Hotels Fail When They Forget Hospitality

Skift
SkiftMay 7, 2026

Why It Matters

Ignoring the human side of hospitality erodes guest loyalty and profitability, making it a strategic risk for investors and hotel owners alike.

Key Takeaways

  • Asset managers lacking hotel experience prioritize numbers over guest experience.
  • Cutting staff for cost hurts morale and personalized service.
  • Personalized interactions remain a competitive edge over Airbnb rentals.
  • Employee turnover directly reduces repeat bookings and revenue.
  • Balancing cost control with hospitality culture is essential for profitability.

Summary

The video spotlights a growing disconnect between hotel asset managers and frontline hospitality. Speakers argue that many investors and owners, accustomed to pure financial metrics, overlook the human element that defines a hotel’s brand and guest loyalty.

Key insights reveal that cost‑cutting measures—such as eliminating long‑tenured staff who know guests by name—undermine morale, dilute service quality, and ultimately erode the bottom line. The speaker cites travelers abandoning Airbnb for hotels precisely because they crave the personal touch that only seasoned hotel employees can provide.

A vivid example features “John Smith,” a concierge who greets each guest by name. When management removes him to improve profit margins, employee spirit drops, service lapses, and repeat bookings decline. The narrative underscores that numbers alone cannot substitute for the relational capital built on staff‑guest interactions.

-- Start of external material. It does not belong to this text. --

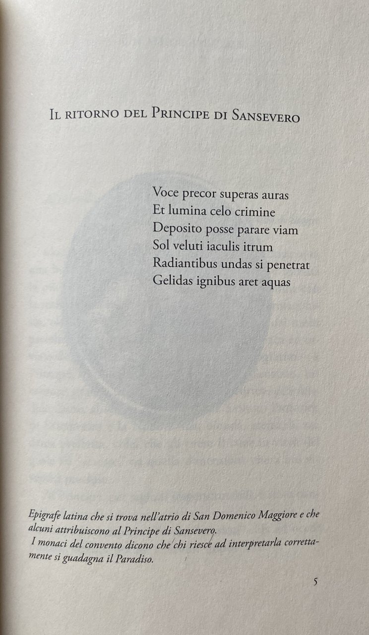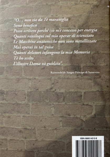 "O... non sia da Tè maraviglia Sono benefico Posso scrivere perché ciò m'è concesso per energia Quanti vaniloqui sul mio operar di scienziato Le Macchine anatomiche non sono metallizzate Mai operai in tal guisa Quanti delatori infangano la mia Memoria Tè ho scelto L'illustre Dama và guidata". Raimondo de Sangro Principe di Sansevero.

The implication for the industry is clear: asset managers must integrate hospitality metrics—guest satisfaction scores, employee engagement, and brand experience—into their financial models. Ignoring these soft assets risks lower occupancy, weaker RevPAR, and diminished investor returns, especially as competition from short‑term rentals intensifies.

Original Description

Hospitality is still a people business.
In this clip from Suite Success, host Katie Cline sits down with Davonne Reaves to discuss why some hotel owners and asset managers lose sight of what actually drives guest loyalty.
Cutting experienced staff might improve the numbers on paper, but removing the people who create personal guest connections can damage morale service and long term performance.
The conversation highlights a simple reality hotels succeed because of people not just profit margins.